Me comentaba Julián, un directivo, que algunos colegas con los que comparte reuniones le dicen que «es negativo».

Le pedí un poco más de detalle.

Se refería a que sus apreciaciones en comités o reuniones en órganos consultivos eran con frecuencia «negativas».

· ¿Va a cumplirse este plazo? Julián respondía, «no».
· ¿Es posible alcanzar este resultado con los recursos que tenemos? Julián respondía, «lo veo muy difícil».

Cuando Julián se opone, es percibido como negativo, y representa para sus colegas, desatinadamente, la presencia de algo malo.

 

Negativo no es igual que malo. Si tú dices a un compañero al que le muestras una máquina sofisticada «no toques ese botón» eso es negativo, pero no es malo.

 

De hecho la RAE no solo distingue estos significados sino que relega a la segunda posición el sentido de «malo».

1.-Que expresa negación o sirve para negar.
2.-Que produce algún daño

A Julián también le insinuaban que debería mostrar un «mínimo de lealtad».

Le volví a pedir un poquito más de detalle.

Se refería, me dijo, a que, por ejemplo, en un comité de dirección, guardó silencio cuando había que apoyar una opción que él contemplaba inviable y problemática.
Me añadió que algunos colegas que allí estaban conocían los problemas de la opción planteada y aun así la secundaron.

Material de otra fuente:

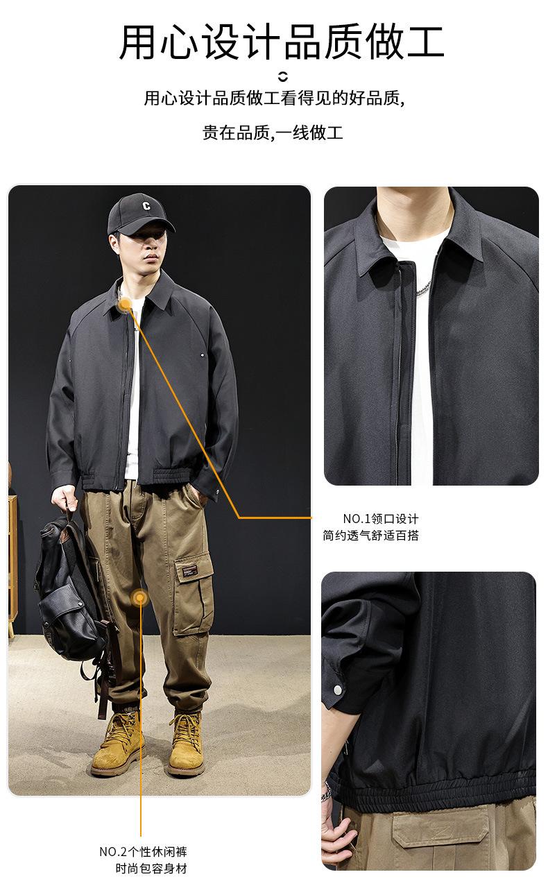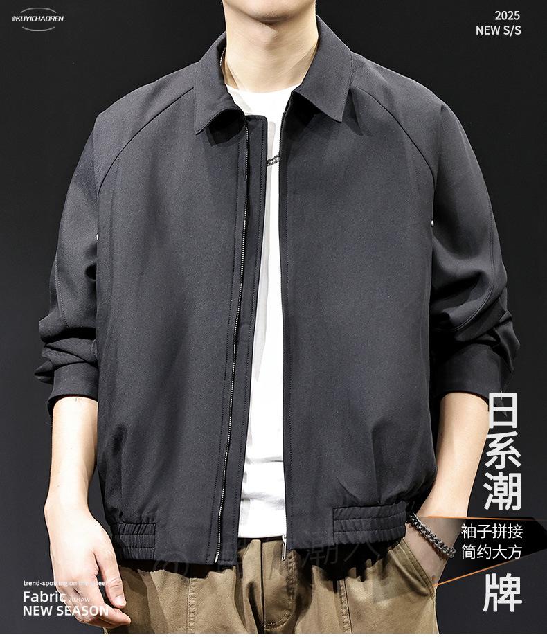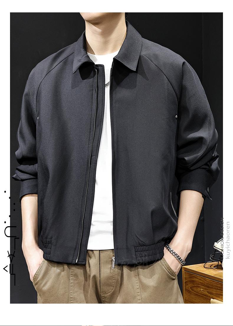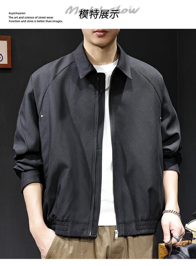 Chaqueta Casual de Otoño con Bolsillo Americano y Cierre de Cremallera para Hombre, Abrigo Delgado con Solapa 2025 Nuevo Estilo de Otoño Tendencia Marca Talla Extra
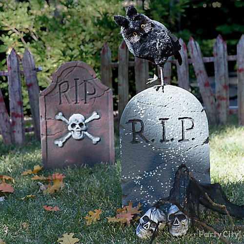 When we see the tombstone in the yard we must be very scared because the yard should not have the tombstone but in the Halloween decoration we should apply them in the yard.

Si añadimos que Julián guarda silencio, sin ser preguntado, cuando plantean un opción que no es sostenible, su silencio es, desatinadamente cuantificado al pedirle que muestre un mínimo de lealtad.

 

La lealtad es no cuantificable (no hay litros ni kilogramos de lealtad).

 

Que sean muchos los que cuantifican en la empresa la lealtad en kilos o por unidades, y que confundan algo negativo con algo malo no lo hace más verdadero.

Sin embargo, podríamos pronosticar que si Julián no vuelve a participar en esas reuniones, su ausencia no traerá nada positivo, ni aumentará la lealtad.